*Record set:*
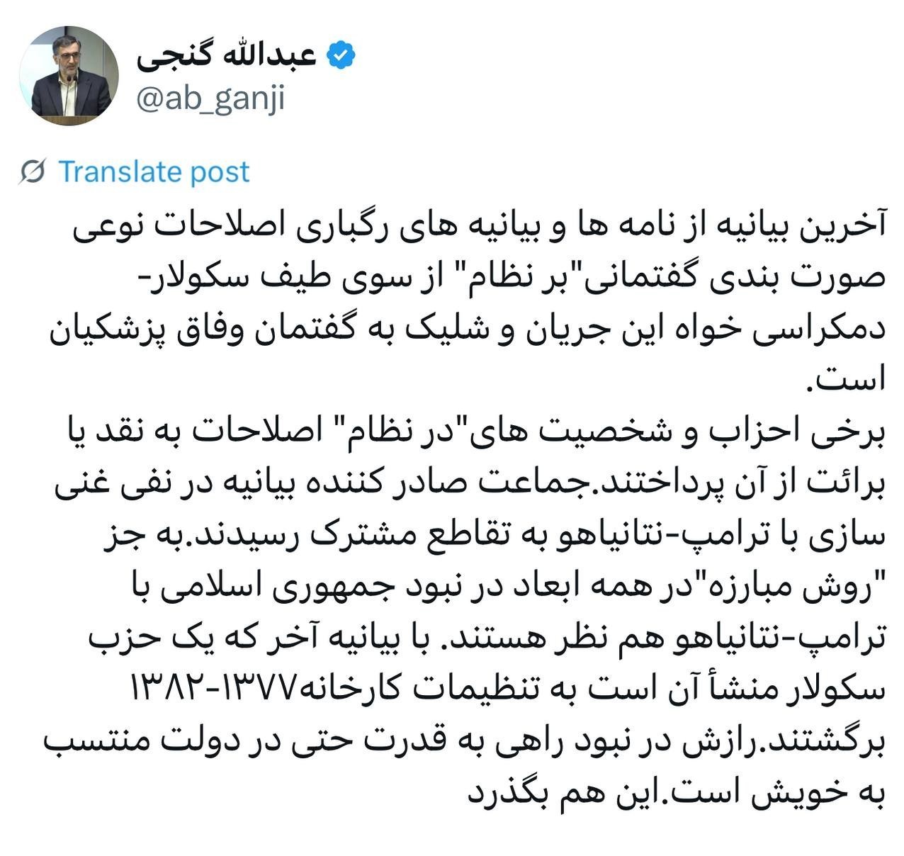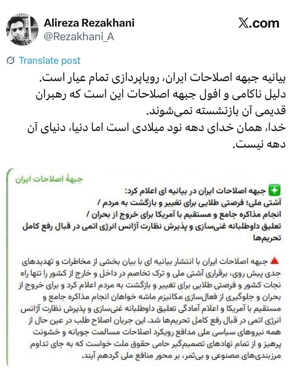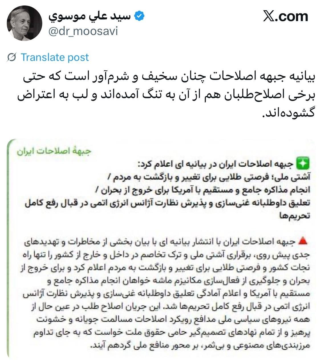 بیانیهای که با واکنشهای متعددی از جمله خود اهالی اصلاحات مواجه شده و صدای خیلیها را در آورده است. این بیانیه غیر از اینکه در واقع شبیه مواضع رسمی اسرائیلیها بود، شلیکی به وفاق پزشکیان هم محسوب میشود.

==

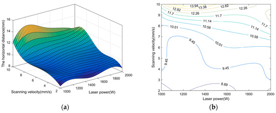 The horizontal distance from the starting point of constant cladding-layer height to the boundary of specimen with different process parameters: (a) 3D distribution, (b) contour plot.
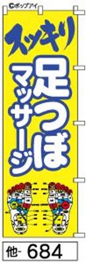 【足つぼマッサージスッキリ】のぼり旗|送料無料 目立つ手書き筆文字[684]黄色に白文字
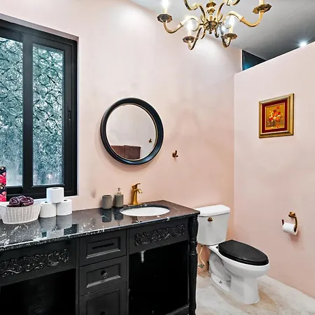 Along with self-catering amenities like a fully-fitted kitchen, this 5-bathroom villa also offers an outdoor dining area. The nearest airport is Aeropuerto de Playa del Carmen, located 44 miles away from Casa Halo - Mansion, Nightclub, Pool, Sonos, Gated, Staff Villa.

*What needs to be done:* Given the records above, return the lines starting at the one that holds "The horizontal distance" and ending at the one that holds "Along with self-catering", exactly, and nothing besides; leave every picture out.

*Response to the exercise:*
 The horizontal distance from the starting point of constant cladding-layer height to the boundary of specimen with different process parameters: (a) 3D distribution, (b) contour plot.
 【足つぼマッサージスッキリ】のぼり旗|送料無料 目立つ手書き筆文字[684]黄色に白文字
 Along with self-catering amenities like a fully-fitted kitchen, this 5-bathroom villa also offers an outdoor dining area. The nearest airport is Aeropuerto de Playa del Carmen, located 44 miles away from Casa Halo - Mansion, Nightclub, Pool, Sonos, Gated, Staff Villa.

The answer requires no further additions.